Washington Examiner: What did you learn from losing last year’s congressional race?
Cao: Well, we learned that Virginia is winnable because think about it. We took a Biden-plus-19 district, and we took it down to 6 percentage points. We moved 13 percentage points. So, how do you think we’re going to do in a Biden-plus-10 state? Really, it’s half the fight.
I think that I’m going to move the Northern Virginia area much more than most people would assume, and that’s why Tim Kaine is coming after me hard. Twelve hours within the time that I announced, he’s already sent out emails to his donors, calling me all sorts of … white extremist and MAGA Republican, a threat to this nation, blah, blah, blah. But he never did that before.
Washington Examiner: Democrats will say you’re a white nationalist, you are a MAGA extremist, and you are going to take women’s reproductive rights away. Those are the three things in the current playbook that the Democrats will use to attack you. What are you ready to say to those three attacks?
Cao: First, the term MAGA Republican; that’s all they know. It’s like their buzzword, and they want to do that. But let’s break it down. Well, what’s wrong with wanting to make America great? Do you want to make China great? I mean, let’s look at why we’re here. We have to bring up America. This is the most incredible country in the world. If you don’t believe that, then you haven’t traveled enough.
I’ve been to 40 countries around the world. I grew up in West Africa, and I’ve seen poverty. I spent seven years in West Africa. I know what poverty looks like. I’ve seen people live in mud huts, and their roof is made of straw, and when it rains, water gets in there. That’s what true poverty looks like. So, I don’t understand what’s wrong with wanting to make our country amazing. So, that’s the first thing. The second thing you said was white supremacist. Well, for crying out loud, look at me. But that’s what they do. They try to label people and put them in boxes, and if it doesn’t fit, then they try to make it fit. And so they call Asians white-adjacent. Don’t forget the Democrats just called a bunch of Muslim parents basically white supremacists because they believe they don’t want the transgender thing pushed on their children. So, if it doesn’t fit their narrative, they just force it in one way or another.

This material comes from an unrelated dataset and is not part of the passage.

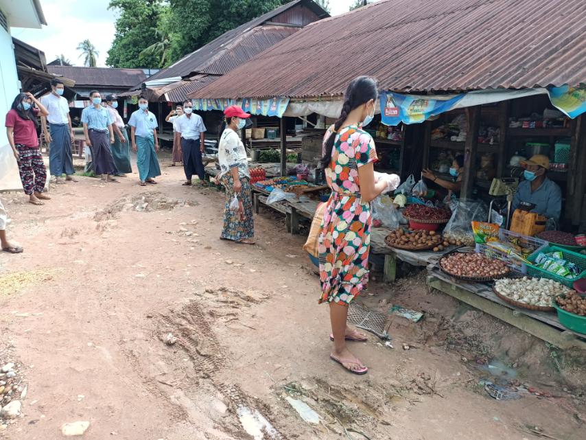 အဆိုပါ နှာခေါင်းစည်း တပ်ဆင်ရေး လှုပ်ရှားမူကို မြို့နယ်စီမံအုပ်ချုပ်ရေး အဖွဲ့ဝင်(၁)ဗိုလ်မှူး ရဲဝင်းထွန်းနှင့် အဖွဲ့ဝင်များ၊ မြို့နယ်အထွေထွေအုပ်ချုပ်ရေးဦးစီးဌာန ဒုတိယမြို့နယ် အုပ်ချုပ် ရေးမှူး ဦးထွန်းကိုကို၊ မြို့နယ်စည်ပင်သာယာရေးအမှုဆောင်အရာရှိ ဦးစံသိန်း၊ မြို့နယ် လျှပ်စစ်အင်ဂျင်နီယာဦးထူးကိုကိုနှင့် ဈေးကော်မတီဝင်များ၊ ရပ်ကွက်အုပ်ချုပ်ရေးမှူးများက ကိုဗစ်- ၁၉ ရောဂါ ကူးစက်မှုမဖြစ်ပွားစေရေးအတွက် နေအိမ်ပြင်ပသို့ ထွက်ခွာသူများ၊ ဈေးသွား၊ဈေးလာများ နေအိမ်အပြင်ထွက်ခွာပါက နှာခေါင်းစည်း မဖြစ်မနေတပ်ဆင်ရေး ကျန်းမာရေးနှင့် အားကစားဝန်ကြီးဌာနမှ ထုတ်ပြန်ထားသော ကိုဗစ်-၁၉ ကူးစက်ရောဂါဆိုင်ရာ ညွှန်ကြားချက်များအား တိကျစွာ လိုက်နာဆောင်ရွက်ကြရန် အသိပေးခဲ့ကြောင်း သိရသည်။

I’m writing a book called Call Me American because in 2022, Jennifer Wexton kept calling me an extremist. So I said, “Look, I earned the right to be called American.” I fought and bled for this country, and you need to call me an American because calling me an extremist is basically nothing short of calling me a terrorist, the same thing you would call a jihadist or anything else. So, that was my attack back on her, saying, “I fought blood for this country, and you dishonor my service by calling me a terrorist,” and then the last thing is what we talked about, taking away reproductive rights.
I’m not going to hide being pro-life, but here’s what Tim Kaine is for. He’s for unlimited abortion up to the moment of birth. Seventy-three percent of Americans think that there should be some restrictions, at least in the third trimester.
The other thing is the decision’s already been made by the Supreme Court. The Supreme Court said that this is a state rights issue, and I’m not going to go against the Supreme Court. I’m not Joe Biden [and] going to blow off what the Supreme Court says. It belongs in the states, and that’s where it belongs.

Washington Examiner: How has your background shaped who you are today?
Cao: Let me start with my parents. My parents are amazing human beings. They both went through very, very hard things in their life. At the age of 13, my father’s dad was taken away by the communists, making him the man of the house because his older brother was conscripted by the French to run ammunition to the Laotian border and was killed in a mudslide.
To make matters worse, because the Vietcong took my grandfather away, the French saw that as, “Oh, they’re Vietcong collaborators.” So, they destroyed their house. So, my dad, for about four years, lived on a concrete pad with four poles that held up a corrugated steel roof, to support his mom and his three younger siblings.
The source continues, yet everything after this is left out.